• What is expected: Repeat the records below exactly from the line containing "美国OMEGA奥米佳热电阻变" to the line containing "Майка для девочки", taking in both of those lines. Drop the pictures.

• Supplied data:
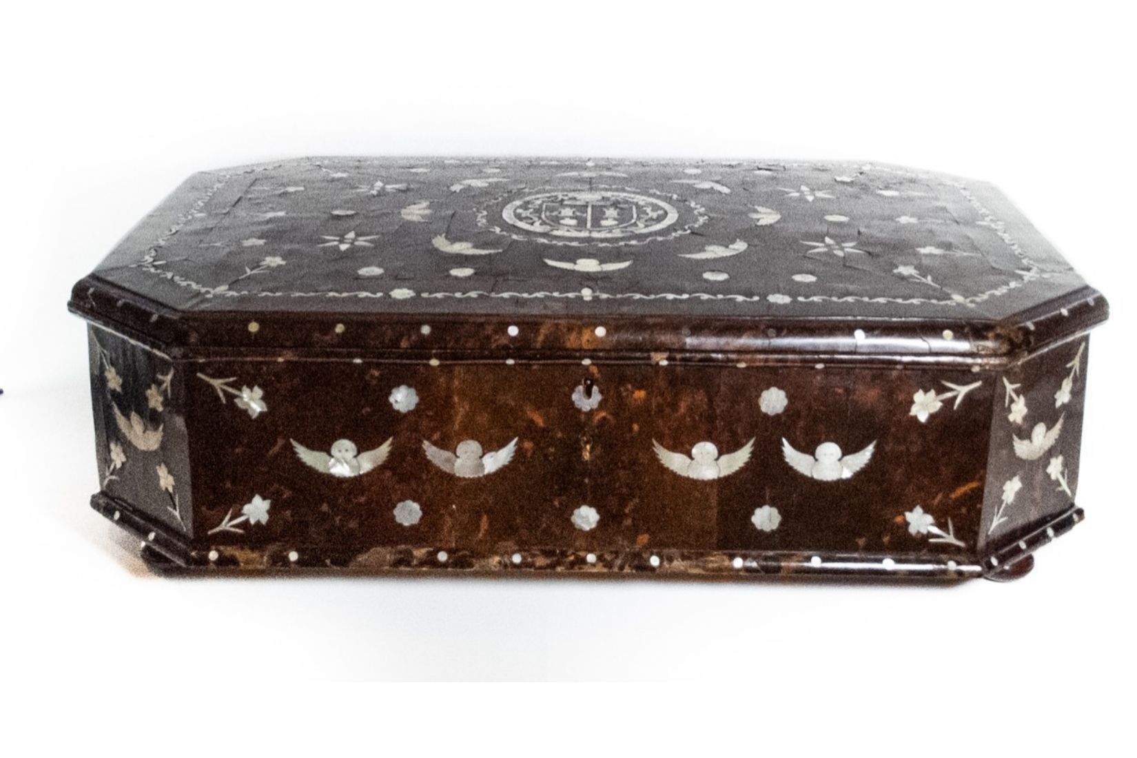 Caja de madera con incrustación de concha nácar y carey. Artesano y procedencia desconocidos. S. XVIII. Col. Rodrigo Rivero Lake. (Foto: Jasso).
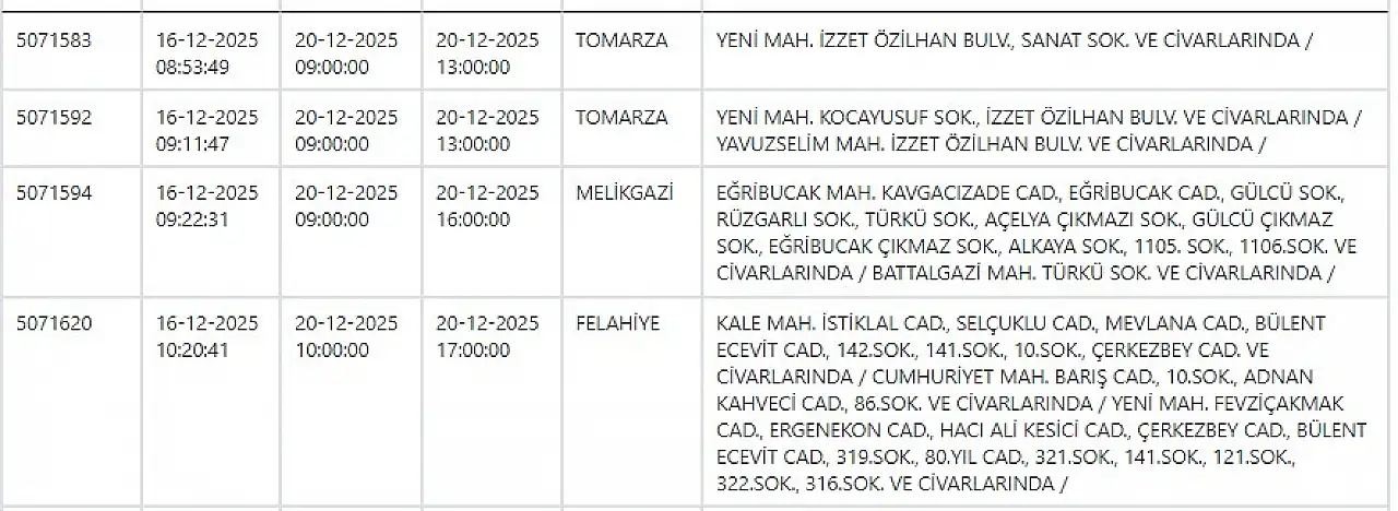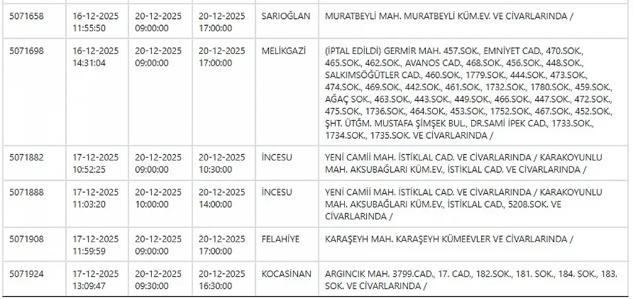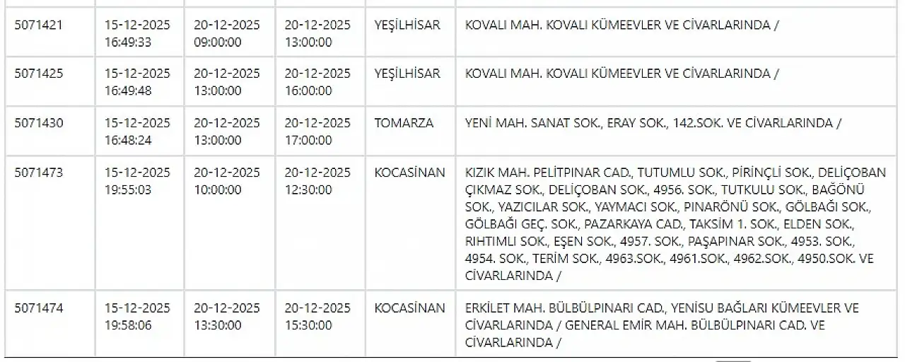KCETAŞ’tan edinilen bilgilere göre yarın (20 Aralık 2025) aşağıdaki mahallelerde elektrik kesintisi yaşanacak.
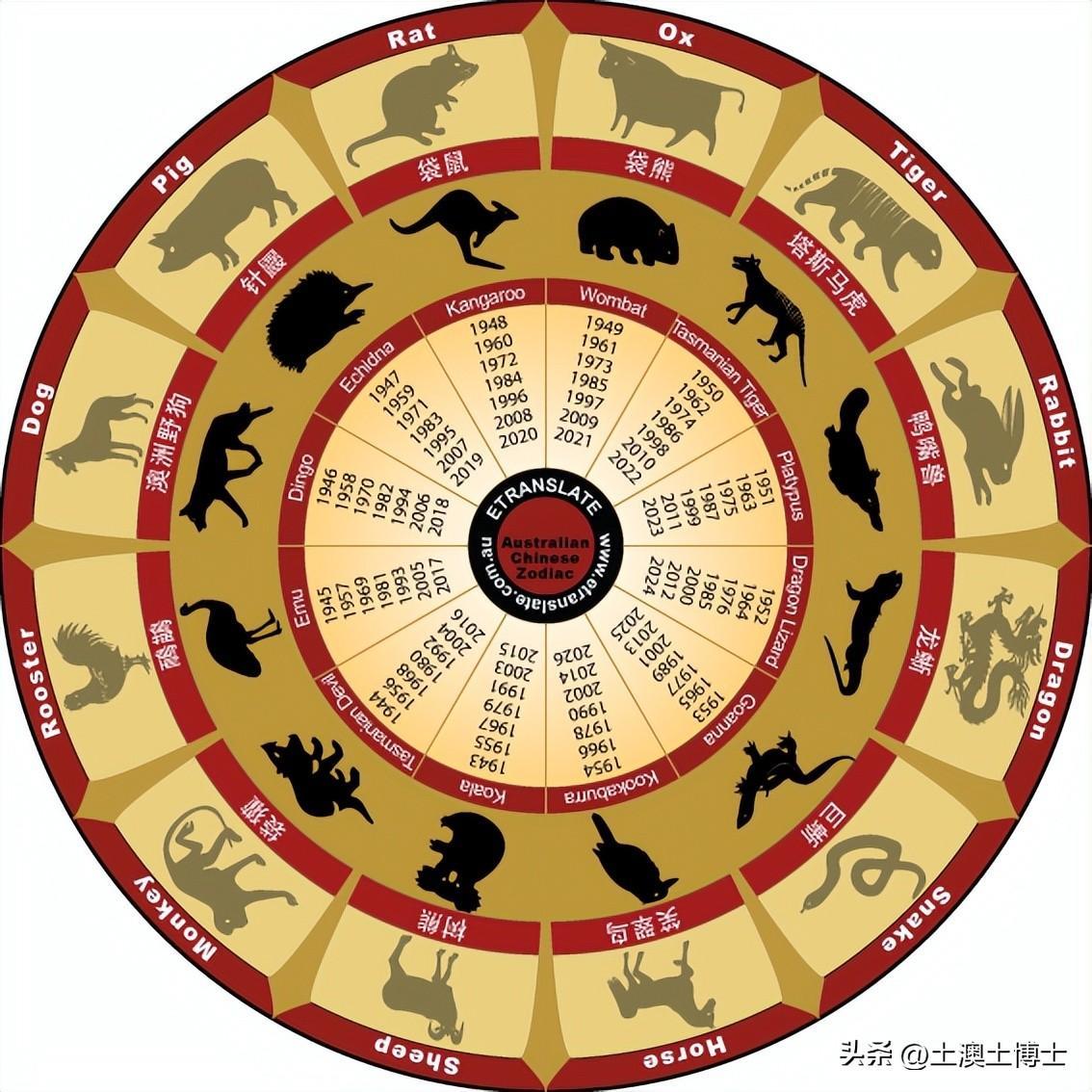 有趣的是,澳洲也把自己的本土动物弄进了十二生肖,如下图。
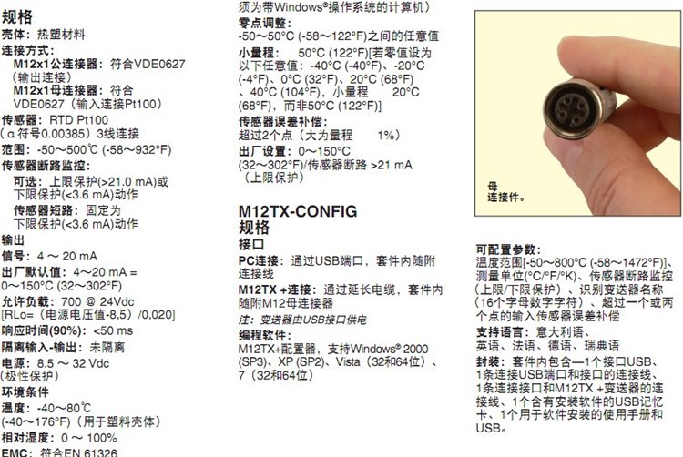 美国OMEGA奥米佳热电阻变送器M12TX-PT100,M12TX-CONFIG-SET
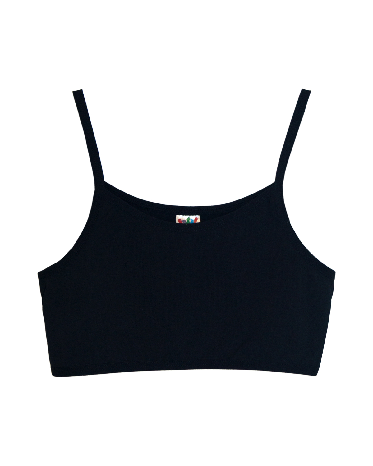 Майка для девочки на бретелях (бразильетка) Черный Let's go Хлопок с добавлением синтетики 21183 купить оптом в brandom.shop
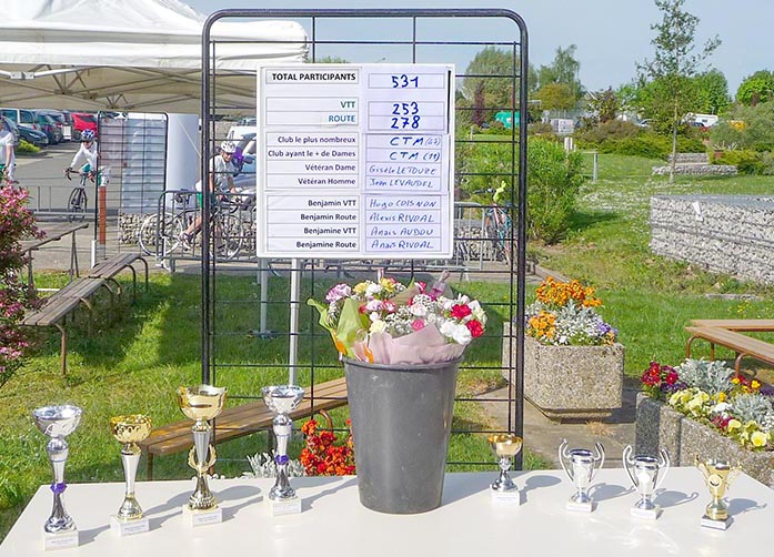 Au bout du compte, plus de 530 participants, répartis presque équitablement sur les parcours VTT et route, avec pour seul écho parvenus à nos oreilles, des remerciements et félicitations pour ce beau rallye printanier. On dit merci au soleil, et à vous tous… à l’année prochaine ! VINCENT |
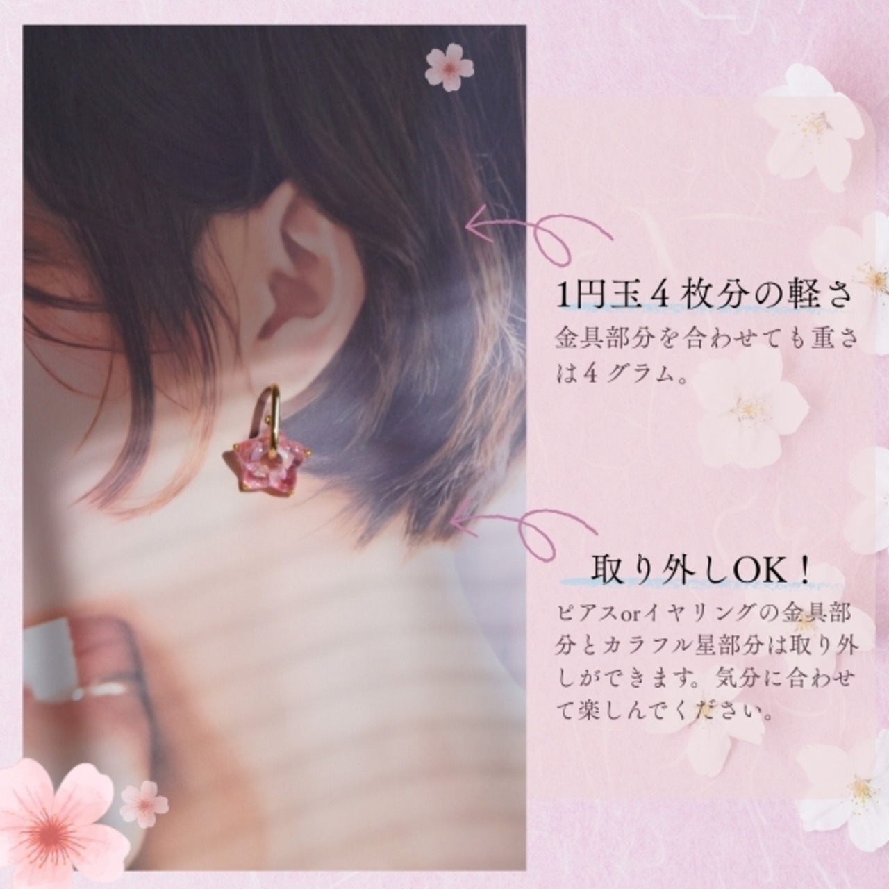 【春までの限定カラー】桜スターピアス・イヤリング
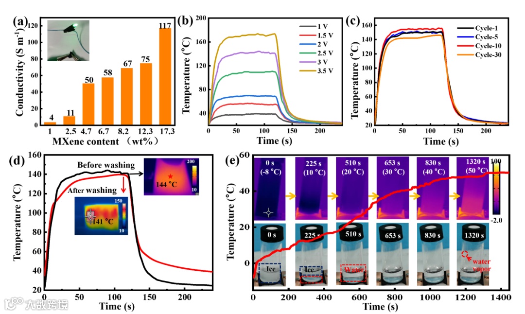 图6. MXene/MMT复合薄膜的电热转换及电热除冰性能。
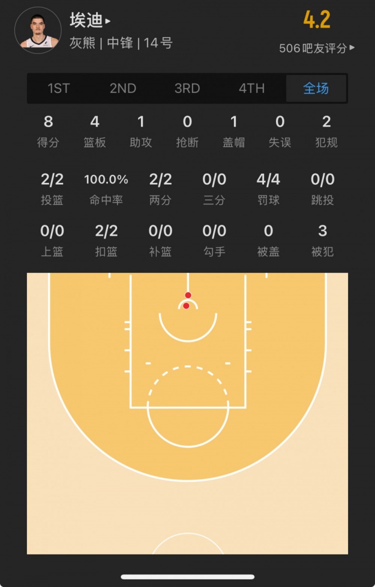 灰熊9号秀 扎克-埃迪 登场17.0分钟

• Reply:
 美国OMEGA奥米佳热电阻变送器M12TX-PT100,M12TX-CONFIG-SET
 Майка для девочки на бретелях (бразильетка) Черный Let's go Хлопок с добавлением синтетики 21183 купить оптом в brandom.shop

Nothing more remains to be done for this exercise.